The localisation of Alexa488 (green) labelled anti-pentaHis antibody (APOL1), AlexaFluor594 (red) labelled anti-p67 (lysosomal membrane protein) and DAPI after a two-hour exposure to recombinant Human and P. papio APOL1 featuring an N-terminal 6xHis-tag. The panels represent human serum sensitive T. b. brucei, strain STIB247, and human serum resistant T. b. gambiense group 1, strain ELIANE.

Discussion

The ancient co-evolutionary engagement of African trypanosomes with their mammalian hosts has shaped an innate lytic molecule in man that protects from infection with most African trypanosomes. In response, the extensive antigenic repertoire of T. brucei [86] has provided a rich resource from which to evolve counter-measures to APOL1-mediated lysis on at least two occasions; SRA in T. b. rhodesiense in East Africa [35,36,87], and TgsGP in T. b. gambiense group 1 in West Africa [51,52,88]. In this study we present a novel APOL1 variant from a species of West African baboon that killed examples of all T. brucei sub-species, including T. b. rhodesiense, T. b. gambiense group 2, and T. b. gambiense group 1, the agent of most current cases of human African trypanosomiasis. The identification of such genetic variants, capable of killing both animal and human-infective parasites presents new opportunities for unconventional approaches to disease treatment and control, using APOL1-based biological therapies.

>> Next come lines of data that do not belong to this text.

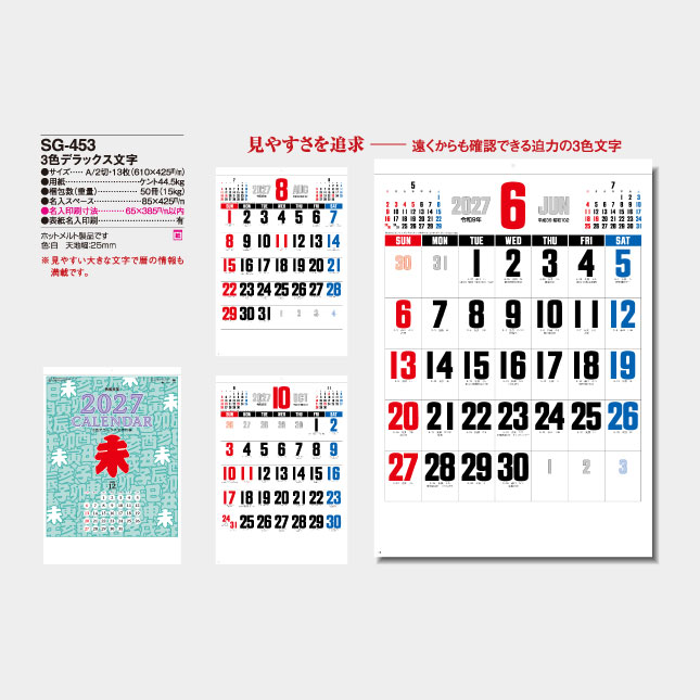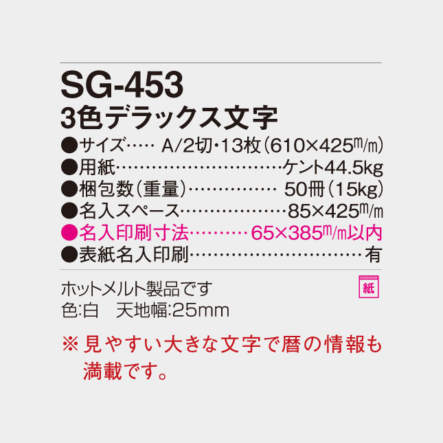 SG-453 3色デラックス文字 文字月表 名入れカレンダー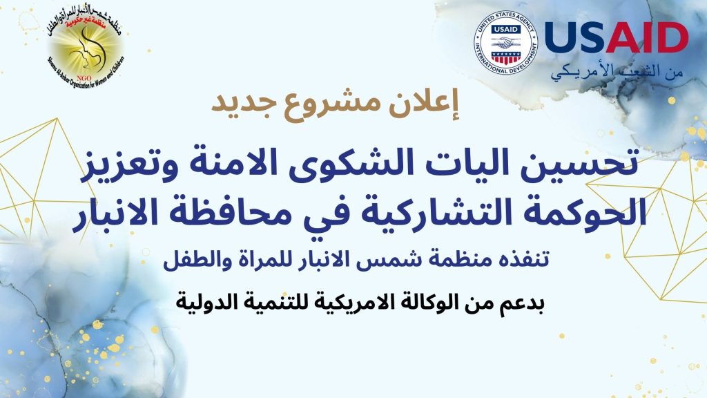 إعلان إطلاق مشروع جديد تعزيز الشراكة المجتمعية في محافظة الأنبار يسر منظمة شمس الأنبار للمرأة والطفل أن تعلن عن إطلاق مشروعها الجديد بعنوان تحسين آليات الشكوى الآمنة وتعزيز الحوكمة التشاركية بدعم من الوكالة الأمريكية للتنمية الدولية نظرة عامة على المشروع: يهدف هذا المشروع إلى تحسين جودة الخدمات الحكومية وتعزيز الشفافية والمساءلة من خلال إشراك المجتمع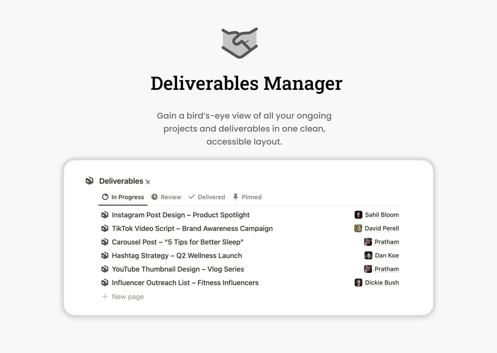 Track your deliverables effortlessly using tools that help you monitor progress, set deadlines, and never miss a beat—no micromanaging required. It’s project clarity without the chaos

Previous studies have identified APOL1 orthologs in a subset of Old World monkeys [14,62], and an APOL1 variant with a key similarity in some humans with African ancestry [63], that encode proteins lytic to T. b. rhodesiense. In both variants, evidence suggests protection is mediated by the position of a single lysine residue in the C-terminal protein domain that obstructs coiled-coil interactions with SRA, thus allowing APOL1-directed lysis to proceed unimpeded [62]. Unfortunately in humans, the two amino acid deletion that alters the SRA-binding region in this APOL1-G2 variant come with an associated fitness cost: a 7–29-fold increased risk of developing a wide spectrum of kidney disorders in individuals carrying two copies of a variant allele [63,8992]. The exact biological mechanism underlying this APOL1-associated nephropathy is not yet known but appears to be specific to the human variants. Engineered versions of the human APOL1 variant transiently expressed in a mouse model caused significant toxicity to the organ of expression (liver), which was not observed with baboon APOL1 or human APOL1 modified to introduce only the protective baboon lysine to the C-terminus [62]. This is an encouraging result, and such baboon-like APOL1 variants are now the focus of efforts to create suitable mechanisms of delivery, such as the conjugation of APOL1 protein to an antibody fragment targeted to parasite surface antigens [93] and an ambitious project to create targeted transgenic cattle expressing variant APOL1 [15].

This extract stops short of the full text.